DisCoRD: Discrete Tokens to Continuous Motion via Rectified Flow Decoding

TL;DR

DisCoRD addresses the discord between discrete and continuous human motion representations by decoding pretrained discrete motion tokens in a continuous space using a rectified flow decoder. It introduces Condition Projection to map tokens to frame-wise conditioning and trains on sliding motion windows, enabling smoother, more expressive motion while preserving conditioning faithfulness. A novel evaluation metric, symmetric Jerk Percentage Error (sJPE), explicitly captures frame-wise noise and under-reconstruction, aligning better with human perception of naturalness. Across text-to-motion, co-speech gesture, and music-to-dance tasks, DisCoRD achieves state-of-the-art naturalness (lower FID) while maintaining faithfulness, and is compatible with any discrete-token framework, offering a versatile, scalable solution for bridging discrete efficiency and continuous realism.

Abstract

Human motion is inherently continuous and dynamic, posing significant challenges for generative models. While discrete generation methods are widely used, they suffer from limited expressiveness and frame-wise noise artifacts. In contrast, continuous approaches produce smoother, more natural motion but often struggle to adhere to conditioning signals due to high-dimensional complexity and limited training data. To resolve this 'discord' between discrete and continuous representations we introduce DisCoRD: Discrete Tokens to Continuous Motion via Rectified Flow Decoding, a novel method that leverages rectified flow to decode discrete motion tokens in the continuous, raw motion space.

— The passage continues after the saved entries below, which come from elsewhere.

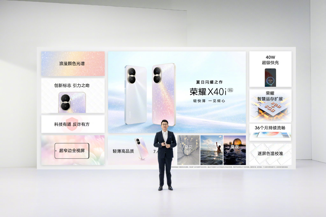 充电方面,该机拥有 40W 超级快充,配合智能节电引擎,充得快,用得久;借助智慧内存扩展技术,8GB 等同扩展至 13GB、12GB 等同扩展至 19GB;全新反诈功能带来全方位的隐私保护,守护用户的财产与信息安全;影像部分,荣耀X40i 搭载 5000 万像素主摄。
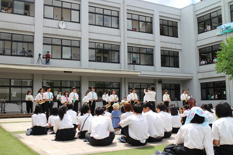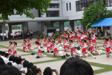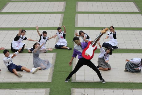 2年生は中庭でパフォーマンスを行いました。メインのダンスだけでなく、衣装や大道具などにも大変力が入っていました。
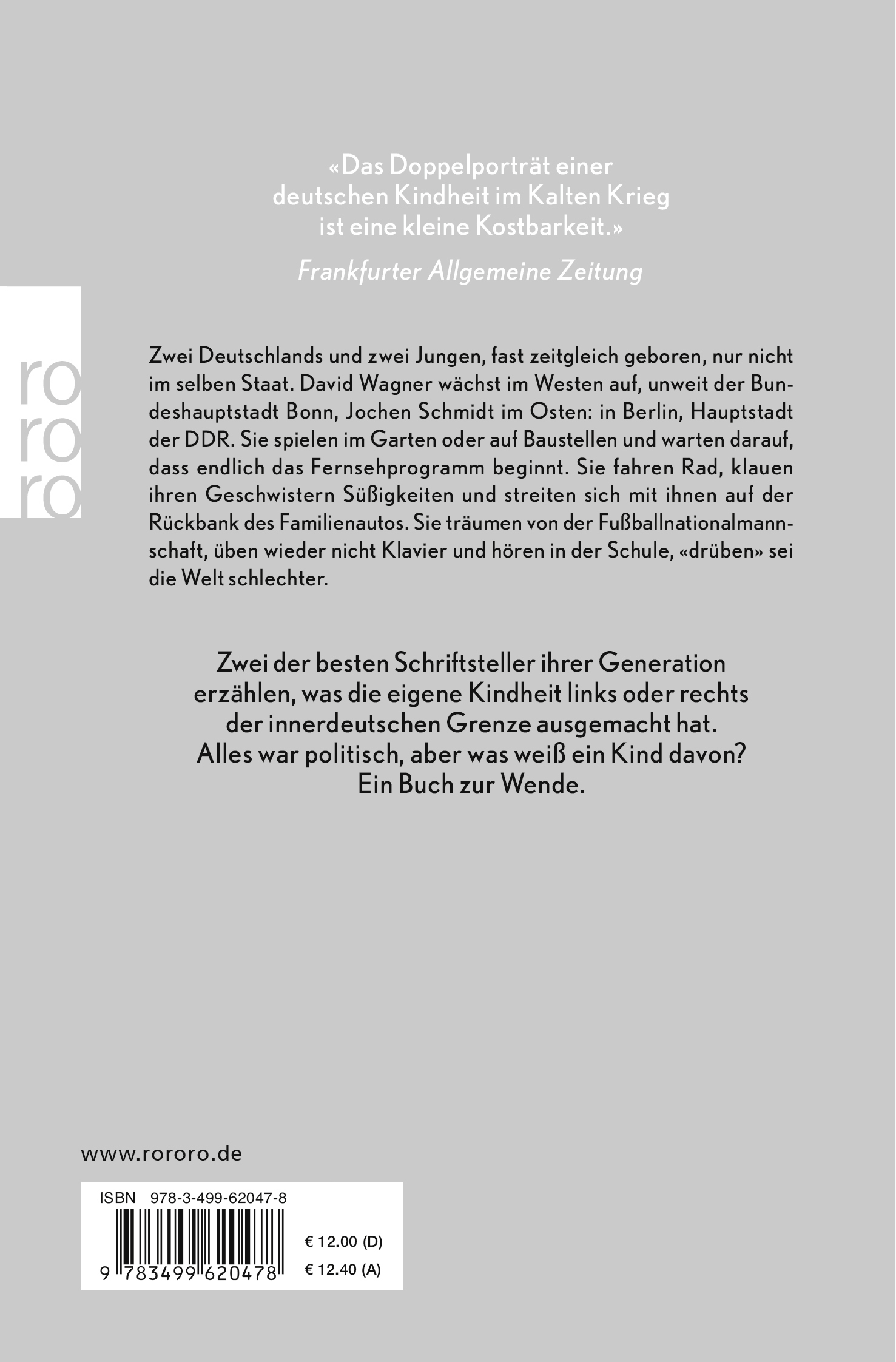 | Schlagworte | 9-Nov.-89 • 9. November 1989 • Alltagsgeschichte Deutschland • Alltagsleben Deutsche Teilung • Alltag vor der Wende • Aufwachsen DDR BRD • Aufwachsen im Sozialismus • Aufwachsen in Deutschland • beliebte Sachbücher 2024 • Berlin • Berliner Mauer • Bonner Republik • BRD DDR Vergleich • DDR • DDR Alltag • DDR BRD Unterschiede • DDR BRD Vergleich • DDR Erinnerungen • DDR Geschichte • DDR Kindheit • DDR Zeitzeugen • deutsch-deutsch • Deutsch Deutsche Beziehungen • deutsch-deutsche Geschichte • Deutsch Deutsche Geschichte • deutsch-deutsche Parallelgeschichten • Deutsch-Deutsche Zeitgeschichte • Deutsche Einheit • deutsche Geschichte 1970 • deutsche Geschichte 1970er • deutsche Geschichte 1980er • deutsche grenze • deutsche Historie 1980er • Deutsche Identität • deutsche Politik • Deutsche Teilung • Deutsche Wiedervereinigung • Erinnerung • Erzählung • Gegenwartsliteratur • Geteiltes Deutschland • Geteiltes Deutschland Berlin • Innerdeutsche Grenze • Kalter Krieg • Kalter Krieg Deutschland • Kindheit • Kindheit DDR BRD • Kindheit im geteilten Deutschland • Kindheit Ost West • Kindheitserinnerungen 1970er Jahre • Leben • Leben im Sozialismus • Leben in der DDR • Lebens in der BRD • Mauer • Mauerfall • Organtransplantation • Ost Berlin • Ostdeutsche Erinnerungen • ostdeutsche Geschichte • Ostdeutschland • Ost und West • Ost West Vergleich • Parallelbiografien Deutschland • Parallelbiografien Ost West • parallele Lebenswege DDR BRD • Plattenbauten DDR • Preis der Leipziger Buchmesse an David Wagner • Roman • Schneckenmühle • sommerurlaub reiselektüre • Vatertag Buchempfehlung • Weihnachtsgeschenk für Großeltern • Wende • Wendebuch • Wendekinder • Wendezeit • westdeutsche Kindheit • Westdeutschland • Wiedervereinigung • Zeitgeschichte Deutschland 1980er • Zeitzeugen Deutsche Teilung • Zeitzeugenliteratur • Zeitzeugen Literatur Geschenk • zwei Deutsche Staaten |

Our core idea is to frame token decoding as a conditional generation task, ensuring that DisCoRD captures fine-grained dynamics and achieves smoother, more natural motions. Compatible with any discrete-based framework, our method enhances naturalness without compromising faithfulness to the conditioning signals on diverse settings. Extensive evaluations demonstrate that DisCoRD achieves state-of-the-art performance, with FID of 0.032 on HumanML3D and 0.169 on KIT-ML. These results establish DisCoRD as a robust solution for bridging the divide between discrete efficiency and continuous realism. Project website: https://whwjdqls.github.io/discord-motion/

Figures (17)

• Figure 1: Concept of DisCoRD. Discrete quantization methods encode multiple motions into a single quantized representation. While existing methods directly decode from this quantized representation, DisCoRD iteratively decodes the discrete latent in a continuous space to recover the inherent continuity and dynamism of motion. To assess the gap between reconstructed and real motion, prior work primarily used FID as the metric. Here, we additionally propose symmetric Jerk Percentage Error (sJPE) to evaluate the differences in naturalness between reconstructed and real motion.
• Figure 2: An overview of DisCoRD. During the Training stage, we leverage a pretrained quantizer to first obtain discrete representations (tokens) of motion. These tokens are then projected into continuous features $\mathbf{C}$, which are concatenated with noisy motion $\mathbf{X}_t$. This concatenated feature is used to train a vector field $v$. During the Inference stage, we use a pretrained token prediction model based on the pretrained quantizer to first generate tokens from the given control signal. These generated tokens are then projected into continuous features $\mathbf{\hat{C}}$, concatenated with Gaussian noise $\mathbf{X}_0\sim \mathcal{N}(0,I)$, and iteratively decoded through the learned vector field $v_\theta$ into motion $\mathbf{\hat{X}}_1$.
• Figure 3: sJPE and FID response to frame-wise gaussian noise. We introduce Gaussian noise with varying standard deviations (x-axis) to ground-truth motion data and evaluate its effect on sJPE and FID. Noise sJPE is highly sensitive to subtle frame-wise perturbations, whereas Static sJPE remains low. FID is highly insensitive to frame-wise noise. Note that FID scale (y-axis, right) is very small compared to sJPE scale (y-axis, left).
• Figure 4: Under-reconstruction and frame-wise noise. We visualize fine-grained motion trajectories (top), and corresponding jerk graphs (bottom), where blue and red regions indicate noise and static sJPE, respectively. Compared to other methods, DisCoRD significantly reduces sJPE, resulting in smoother motion (fewer blue regions) and greater dynamism (fewer red regions), as highlighted in green boxes.
• Figure 5: Decoding efficiency comparison. We report the average decoding time for a batch of 32 token sequences on an NVIDIA RTX 4090 Ti, averaged over 20 trials on the HumanML3D test set. DisCoRD achieves more better performance on motion naturalness at a comparable decoding speed to MoMask and can even decode significantly faster while maintaining superior performance.